Neyse! Keyifli bir pazar gününün ardından kendimi istatistiki bilgilere gark ediyorum. Kulaklığımda bir şarkı... Bu kez Sertap söylüyor:One more cup of coffee for the road...

01 Mart 2006

Dün gece cehaletimizden biraz aldırdık!


Sabah çok erken başlayan, sunumlarla süren bir günün akşamında, Hacettepe Üniversitesinin M Salonunu hınca hınç dolduran kalabalığın arasına karıştık dün. Hacettepe Senfoni Orkestrası konseri için. Daha önce de orada konserlere gitmiş biri olarak bu kalabalığı pek anlamdıramamıştım başta. Cehaletime verin! Gülsin Onay adını duymamıştım. Dün gece öğrendim.

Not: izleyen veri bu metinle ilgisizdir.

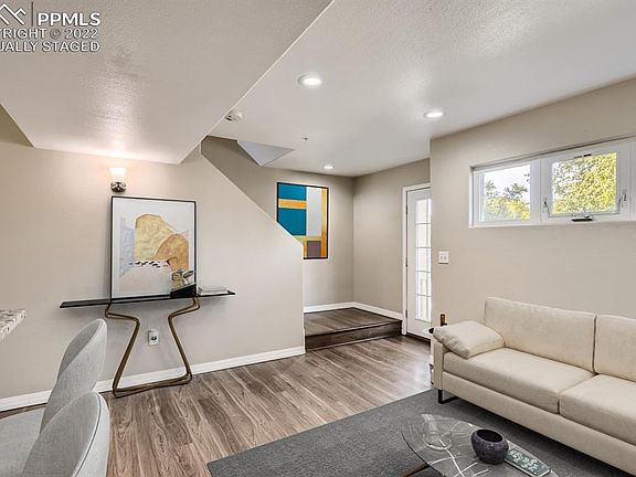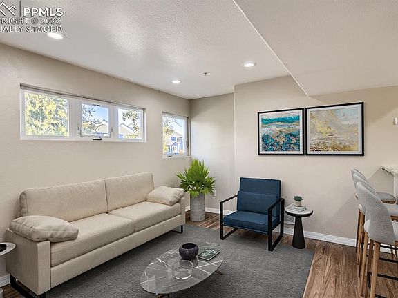 This move in ready home is conveniently located near Peterson AFB, and Fort Carson. New carpet throughout, an engineered wood main level deck, a lower covered concrete patio, central air conditioning, granite countertops, a primary suite with full bath and walk-in closet and two car garage- this home is move ready! This wonderfully designed townhome is in the heart of downtown Fountain and close to everything. Each of the three bathrooms have adjoining full bathrooms with tile; the master and secondary on the upper level and the third on the main. This is a great setup for roommates or guests. Brand new carpet throughout this wonderful floor plan. The kitchen has stylish cabinets, breakfast bar, pantry, and granite countertops. A engineered wood deck off the living room allows for outdoor entertaining. On the ground floor level, you have a bonus room that could be a family room, office, workout area or hobby room. Patio doors open out onto a covered concrete patio for even more outdoor living space. A two-car attached garage with opener is a bonus! Some photos use virtual staging to give a better idea of room size.

Chopin (şopen) adı bana hep Türkan Şoray'ın şarkıcıyı; Kadir İnanır'ın yakışıklı ve gizemli besteciyi canlandırdığı Türk Filmini anımsatır. Hatırlıyoruz değil mi? Ancak dün akşam Gülsin Hanım'ın piyanosundan çıkan Chopın'ın 2. piyano konçertosunun nağmeleri ile çağrışımlarım farklılaştı. Enstrüman çalan insanlara olan hayranlığım perçinlenirken cehaletimden biraz aldırdım. Dün akşam için, konserden haberdar eden arkadaşım Şahap'a, bizi misafir eden ve süper keman çalabilen arkadaşım Seda'ya teşekkürler.